What to work on: Transcribe exactly the lines from the one containing "Ik werd om 3" through the end of the data, both included. Leave out pictures.

Data items

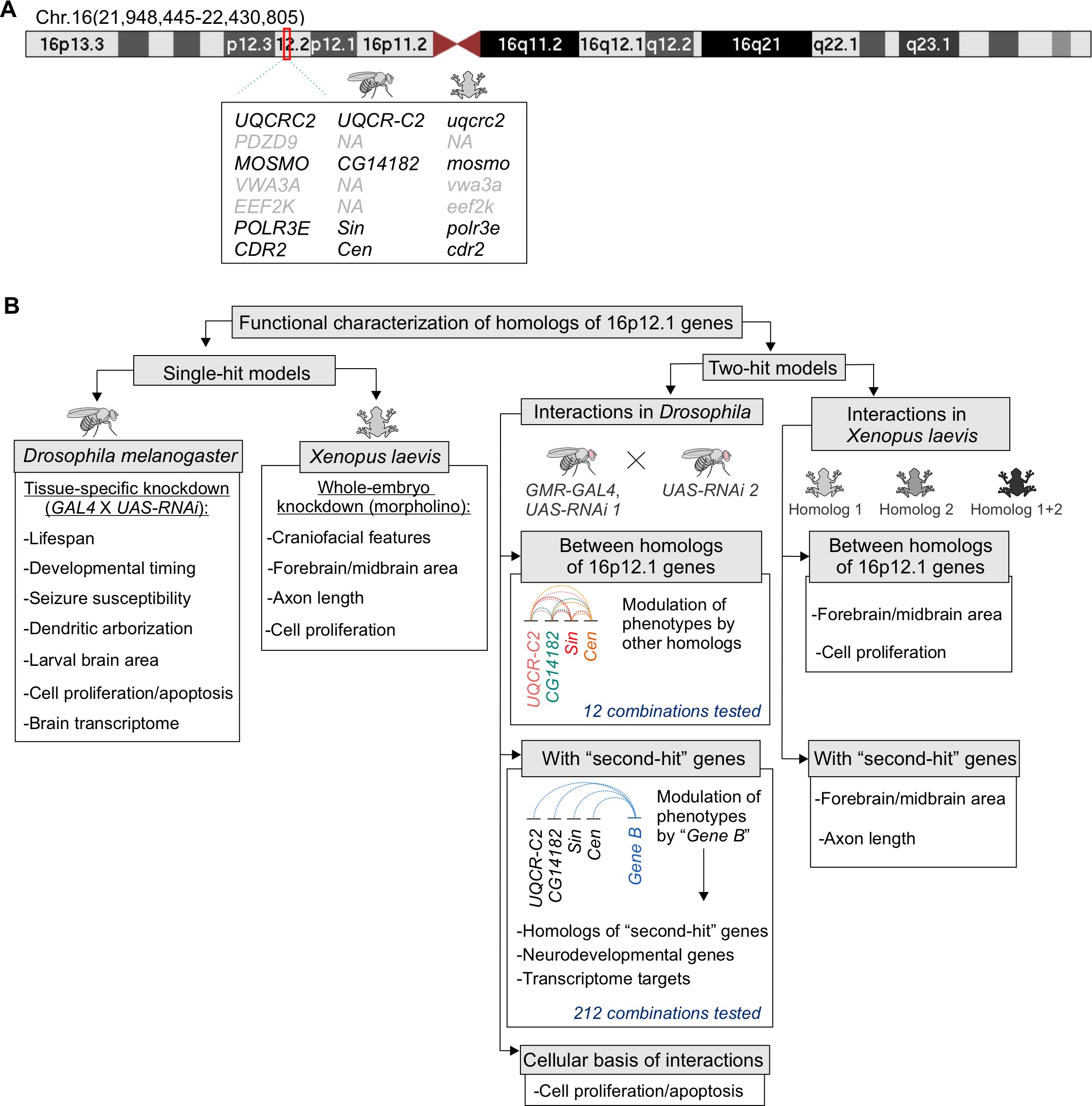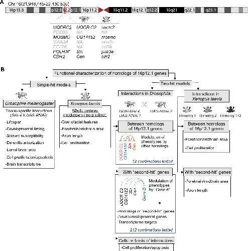 Fig 1. Strategy to evaluate the individual contributions of homologs of 16p12.1 genes and their interactions with âsecond-hitâ genes towards neurodevelopmental phenotypes. (A) Ideogram of human chromosome 16 indicating the deleted region on UCSC genome build GRCh37, hg19 (chr16:21,948,445â22,430,805) (also known as 16p12.2 deletion). Seven protein coding genes are located within the 16p12.1 deletion region, including UQCRC2, PDZD9, MOSMO, VWA3A, EEF2K, POLR3E, and CDR2. Four out of the seven genes are conserved in both Drosophila melanogaster and Xenopus laevis. (B) We performed global and functional domain-specific phenotypic assessment using RNAi lines and tissue-specific knockdown in Drosophila, and morpholino-mediated whole embryo knockdown in X. laevis, to identify individual contributions of 16p12.1 homologs towards different developmental and neuronal features. We next evaluated the effect of pairwise knockdown of 16p12.1 homologs towards eye phenotypes in Drosophila, and brain size and cellular proliferation defects in X. laevis. We characterized 212 interactions between the 16p12.1 homologs and homologs of patient-specific âsecond-hitâ genes identified in children with the deletion, genes within conserved neurodevelopmental pathways, and differentially-expressed genes identified from RNA-seq analysis. We found that homologs of âsecond-hitâ genes participate in complex genetic interactions with 16p12.1 homologs to modulate neurodevelopmental and cellular phenotypes. https://doi.org/10.1371/journal.pgen.1009112.g001 |
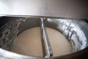 - Soro de leite azedo é adicionado gradualmente ao leite. Após a mistura, o conteúdo é coalhado.
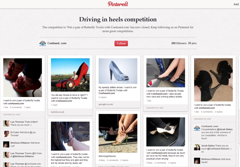 Akcja (społeczna?) zrealizowana przez porównywarkę ubezpieczeń. Miała za zadanie promować bezpieczną jazdę wśród kobiet. W związku z tym zorganizowano konkurs, w którym kobiety wrzucały na Pinterest zdjęcia najbardziej ekstrawaganckich butów, w jakich kiedykolwiek prowadziły samochód. W ramach kampanii powstała tez infografika pokazująca, jak kobiety i mężczyźni różnią się w prowadzeniu samochodu.
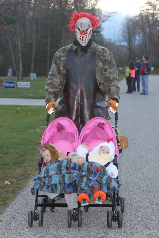 Of course this was in Muskegon and we went with Erika’s friend Jamie and her husband Lee. Yes, Lee had one of the freakiest costumes every. It was great watching him push around the two babies in a pink stroller. Classic!
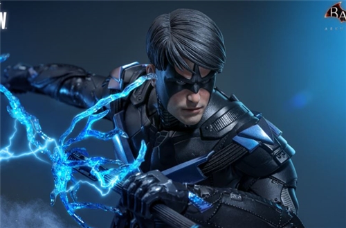 Based on the setting of Batman: Arkham Knight, Nightwing stands approximately 31 cm tall and features 30 articulation points. His figure is crafted from a form-fitting black, stretchy, leather-like fabric, with a detailed, textured finish achieved through a drop-coating process. The blue armor on his chest, shoulders, and limbs is specially painted, creating a dazzling, iridescent effect under varying lighting conditions. Accessories include his signature melee weapon, the Escrima Stick, a blue special-effect piece that creates an electric shock effect, a grappling hook gun with a grappling hook cable that can be attached to the gun's muzzle, and multiple interchangeable hands. The Escrima Stick can be detached for a variety of combat options.
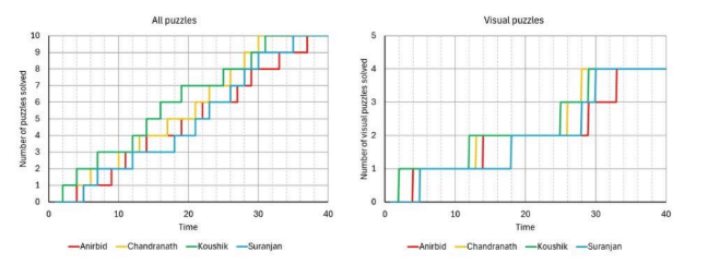 Anirbid, Chandranath, Koushik, and Suranjan participated in a puzzle-solving competition. The competition comprised 10 puzzles that had to be solved in the same sequence, i.e., a competitor got access to a puzzle as soon as they solved the previous puzzle. Some of the puzzles were visual puzzles, and others were number-based puzzles. The winner of the competition was the one who solved all puzzles in the least time.
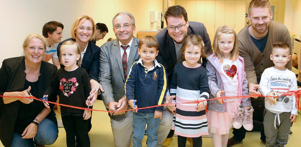 MA-10-Leiterin Daniela Cochlár, Wiedens Bezirksvorsteher Leo Plasch und Bildungsstadtrat Jürgen Czernohorszky (v.li.) mit dem Team des neuen Kindergartens.
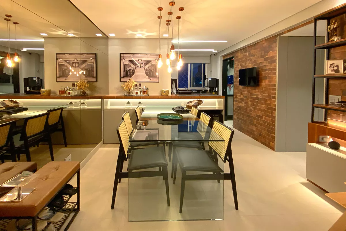 Apartamento com área de 90m², sala ampla para 02 ambientes toda decorada, com piso em porcelanato e teto com rebaixamento em gesso, lavabo, 03 quartos amplos, todos com piso em vinílico de madeira e armários, sendo 01 suíte com espelho, bancada em granito, armários e box em blindex, banheiro social com espelho, bancada em granito, armários e box em blindex, cozinha espaçosa com piso em porcelanato, armários planejados e coifa, área de serviço com tanque e armários.
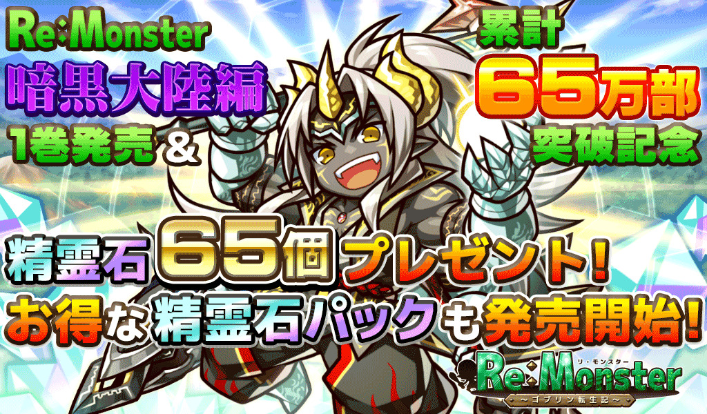 『リ・モンスター(Re:Monster)』にて、本日2018年6月21日(木)より、⼩説新刊発売とシリーズ累計発⾏部数65万部突破を記念したキャンペーンが開催中です。本キャンペーンでは、全ユーザーを対象に精霊石65個がプレゼントされます。
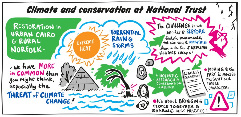 These conversations, which travelled from the Blickling and Cairo to Tanzania and Ghana, dived into the unique challenges facing each area and championed the power of twined projects and intergenerational knowledge exchange – whether that be around flooding, heat resilience or other challenges to buildings and landscapes increasingly growing across the world. Alongside, a key takeaway was that it is not about reinventing the wheel in every location or project about working together, cross countries and projects to better understand how can learn from others who might be one, two, three steps ahead, and adapt to our specific location and situation."
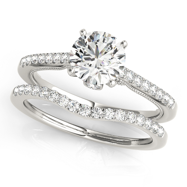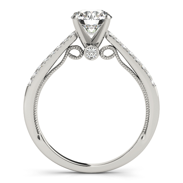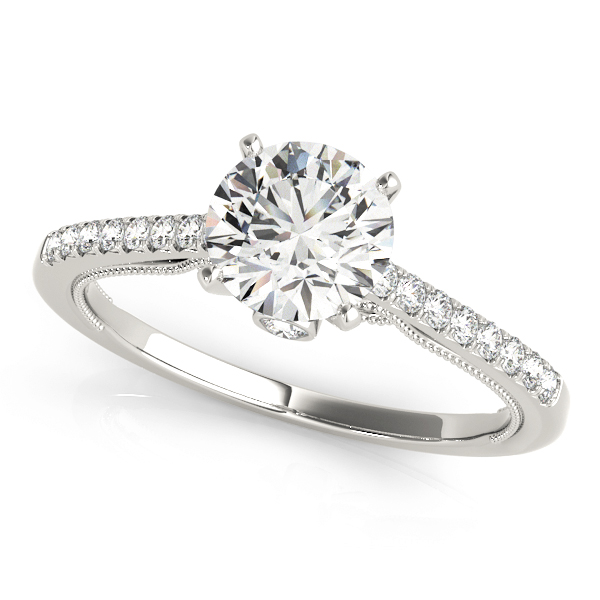 14k White Gold Engagement Ring with 12 – .0275PT Round & 2 – .015PT Round Stones, equal to 1/3 carats total weight. This ring has an optional matching Wedding Band. Can be customized to fit any stone and in any material. Please contact Ronelli Corp for custom orders and modification information, as pricing may vary.
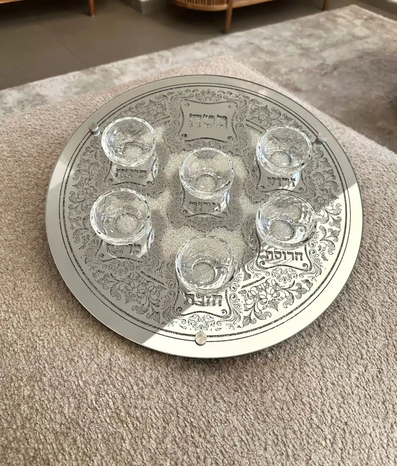 קערת פסח זכוכית מהודרת + 6 קעריות , 40 ס”מ .
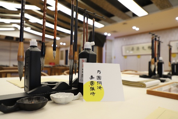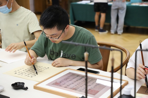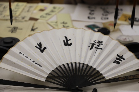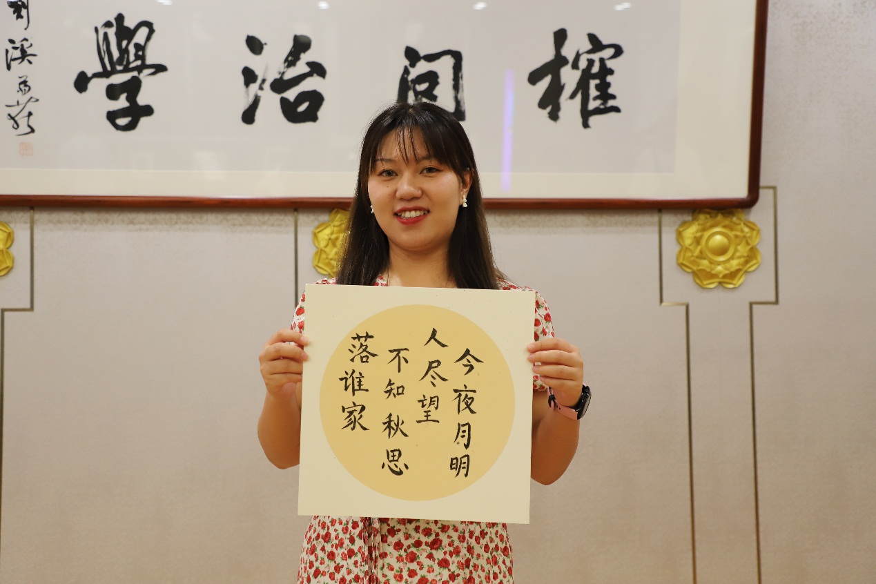 “翰墨书香”环节展出了晋代王献之《中秋帖》、宋徽宗赵佶《闰中秋月帖》、米芾《中秋登海岱楼作诗帖》供大家鉴赏,并为师生提供了笔墨纸砚,供师生自由书写。一张张书签、扇面、斗方和对联,使同学们感受到了书法的传承,也寄托了同学们的中秋情思。
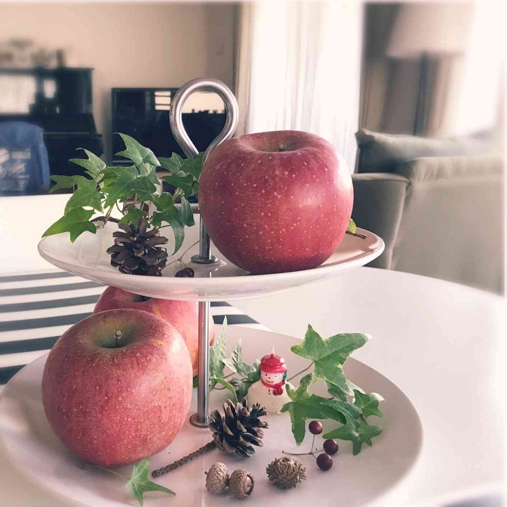 りっぱなリンゴ。子供たちにかじられちゃう前に、ちょこっとクリスマスっぽく⛄️目でも楽しみましょ❤️
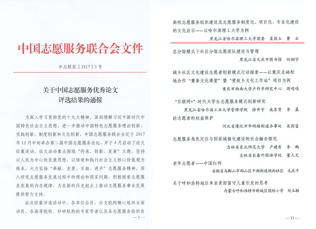 1月8日,在中国志愿服务联合会、中国志愿服务基金会共同主办的2017年第二届中国志愿服务论坛优秀志愿服务论文征集活动中,我校团委姜国玉、曹石撰写的论文《高校志愿服务组织建设及志愿服务制度化、项目化、专业化建设的文化启示——以哈尔滨理工大学为例》获得三等奖。本次征集评选活动经单位会员、分支机构精心组织全面动员,各高等院校、科研机构的专家学者以及志愿服务组织负责人、志愿服务骨干积极响应踊跃参与,共选报492篇论文参加评选。本着“公平、公正、公开”和择优原则,依据《优秀志愿服务论文评审标准》,专家评审组认真进行了初评、终评,经评审委员会审定,共评选出优秀论文65篇。
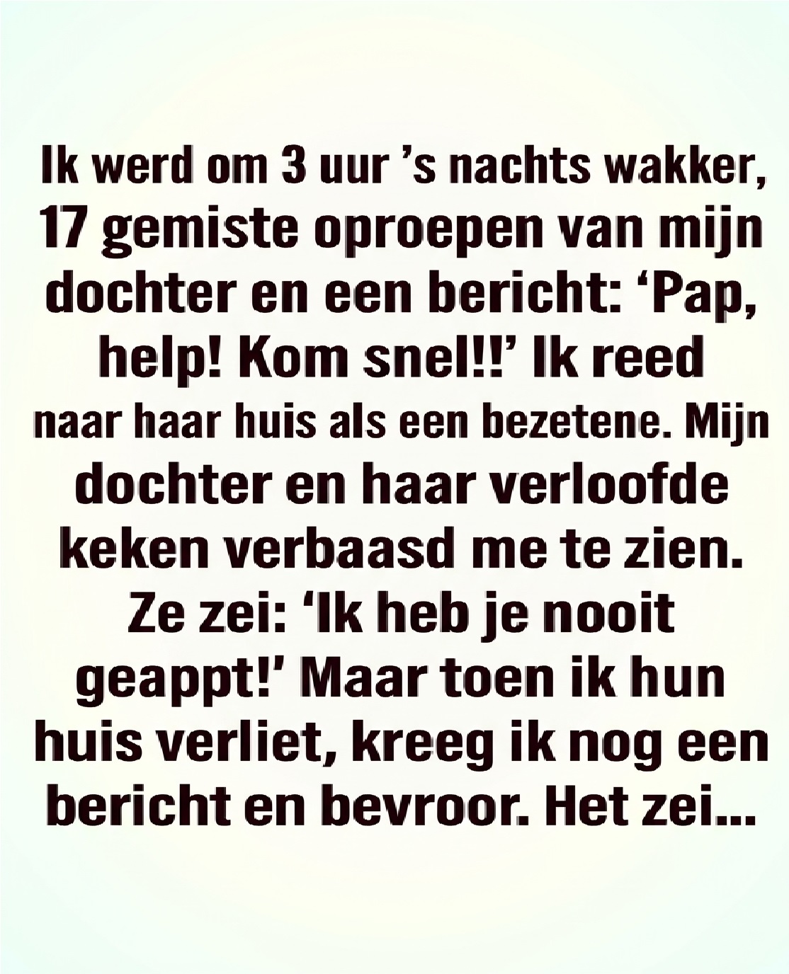 Ik werd om 3 uur ‘s nachts wakker door het trillen van mijn telefoon. Zeventien gemiste oproepen van mijn dochter en één berichtje zorgden ervoor dat ik helemaal overstuur raakte: « Papa, help! Kom snel!! »
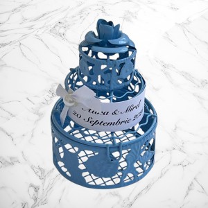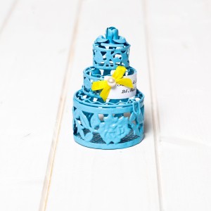 Pentru ca un eveniment important din zilele noastre nu este complet fara cadouri pentru invitati, mirii vor face o impresie deosebita oaspetilor daca le ofera marturii nunta tort bleu din sarma impletita.

Expected answer:
 Ik werd om 3 uur ‘s nachts wakker door het trillen van mijn telefoon. Zeventien gemiste oproepen van mijn dochter en één berichtje zorgden ervoor dat ik helemaal overstuur raakte: « Papa, help! Kom snel!! »
 Pentru ca un eveniment important din zilele noastre nu este complet fara cadouri pentru invitati, mirii vor face o impresie deosebita oaspetilor daca le ofera marturii nunta tort bleu din sarma impletita.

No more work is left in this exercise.